Kemudian ia menikah dan istrinya tidak bekerja, maka statusnya menjadi K/0 (Rp54 juta +
Rp4,5 juta) = Rp58,5 juta setahun.

Lalu Tuan C punya satu anak, maka berlaku K/1 (Rp54 juta + Rp4,5 juta + Rp4,5 juta) =
Rp63 juta.

Istrinya kemudian bekerja di perusahaan lain, sehingga PTKP yang berlaku K/I/1 atau K/1 +
TK/0 (Rp63 juta + Rp54 juta) = Rp117 juta setahun.

Dasar Penghitungan Penghasilan Kena Pajak

Penghasilan Kena Pajak adalah jumlah upah karyawan/pekerja yang akan dikenakan PPh 21
setelah dikalkulasikan dengan tunjangan, biaya jabatan, BPJS Ketenagakerjaan, BPJS
Kesehatan, dan lainnya.

Untuk dapat mengetahui berapa jumlah penghasilan yang akan dikenakan pajak, terlebih
dahulu harus mengetahui besar PTKP wajib pajak yang bersangkutan.

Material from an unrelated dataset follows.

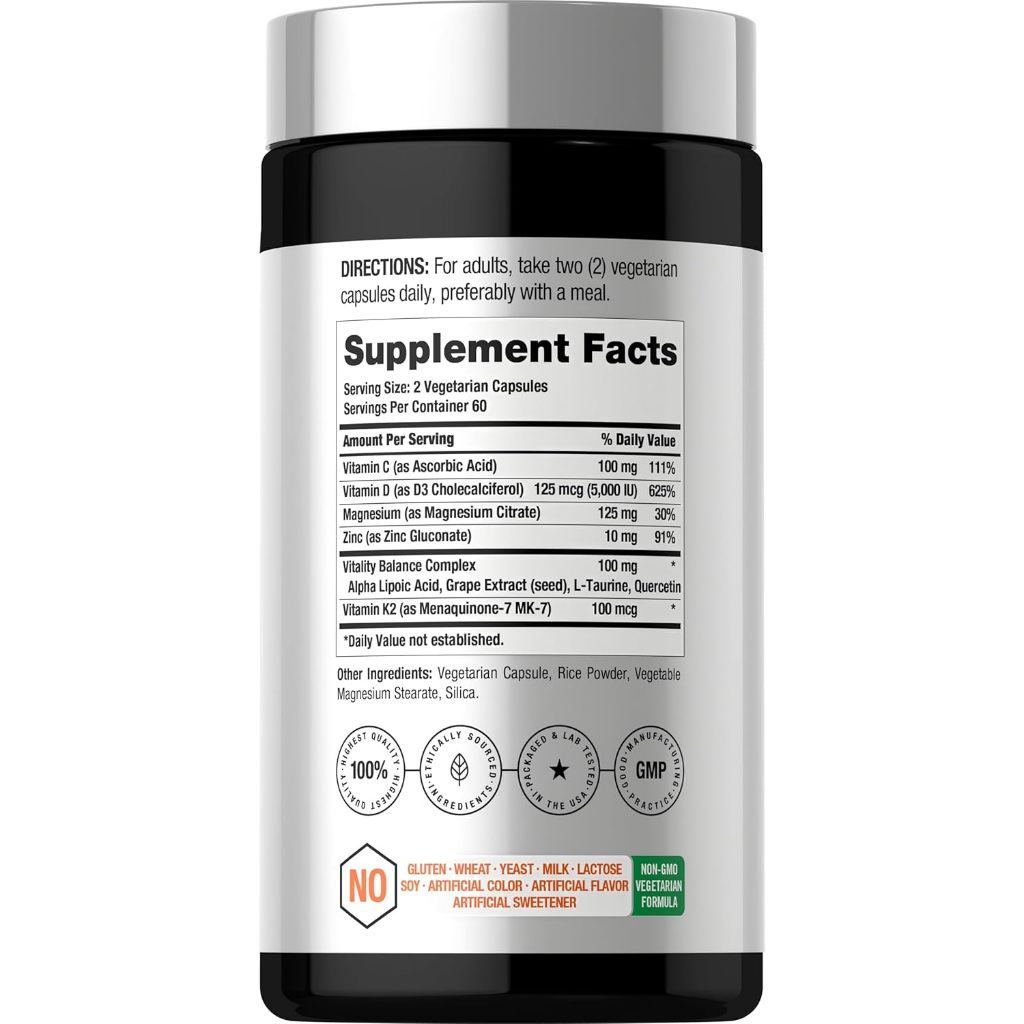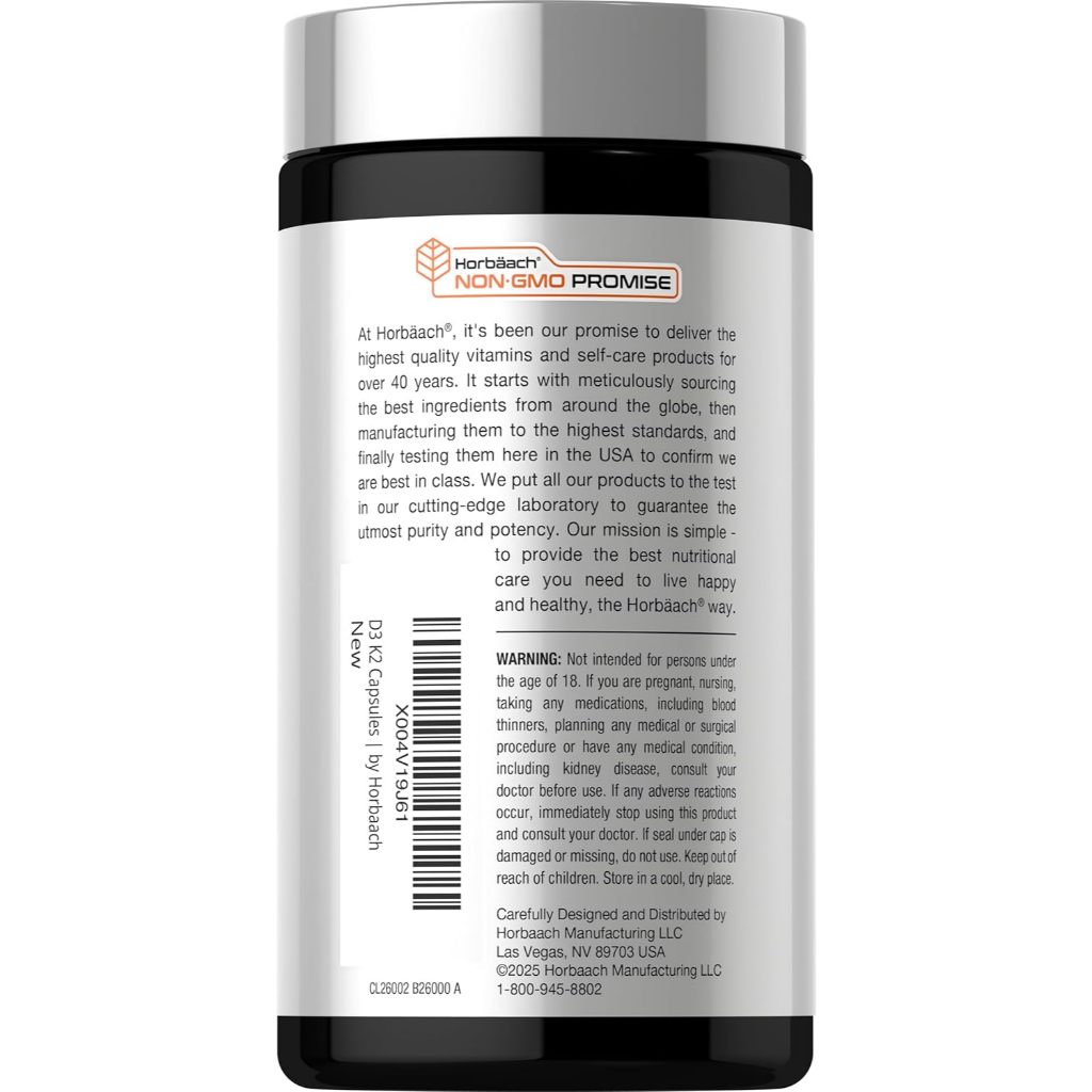 กระดูกแน่น เสริมภูมิ Horbäach Vitamin D3 K2 5000IU + Mg Zinc Quercetin 120 Veg Caps (No.4129)

Besar Penghasilan Tidak Kena Pajak berbeda-beda tergantung status WP tersebut.

Cara mengetahui jumlah Penghasilan Kena Pajak:

● Dari Penghasilan Bruto => dikurangi biaya-biaya => selanjutnya menjadi penghasilan
neto.
● Dari penghasilan neto tersebut => dikurangi PTKP hingga akhirnya diperoleh
Penghasilan Kena Pajak.

Setelah menemukan jumlah Penghasilan Kena Pajak, maka nilai tersebut akan dihitung
pajaknya menggunakan tarif progresif PPh Pasal 17 ayat (1).

Sesuai Pasal 17 ayat (1) huruf a UU PPh No. 36/2008, tarif PPh Orang Pribadi Pasal 21
adalah menggunakan tarif progresif, yang akan dikalikan dengan Penghasilan Kena Pajak.
Melalui UU No. 7/2021 tentang HPP, minimal jumlah dan maksimal penghasilan orang
pribadi yang dikenakan PPh 21.

Berikut tarif progresif PPh pasal 21 atau penghasilan kena pajak penghasilan:

● 5% untuk penghasilan kena pajak hingga Rp50.000.000 per tahun


● 15% untuk penghasilan kena pajak Rp50.000.000 – Rp250.000.000 per tahun
● 25% untuk penghasilan kena pajak Rp250.000.000 – Rp500.000.000 per tahun
● 30% untuk penghasilan kena pajak di atas Rp500.000.000 per tahun.

SUMBER : https://klikpajak.id/blog/pengertian-ptkp/

B. PTKP kategori K/I/2 merupakan kode PTKP untuk penghasilan suami dan istri yang
digabung dan memiliki 2 tanggungan. Tarifnya sebesar Rp121.500.000 per tahun.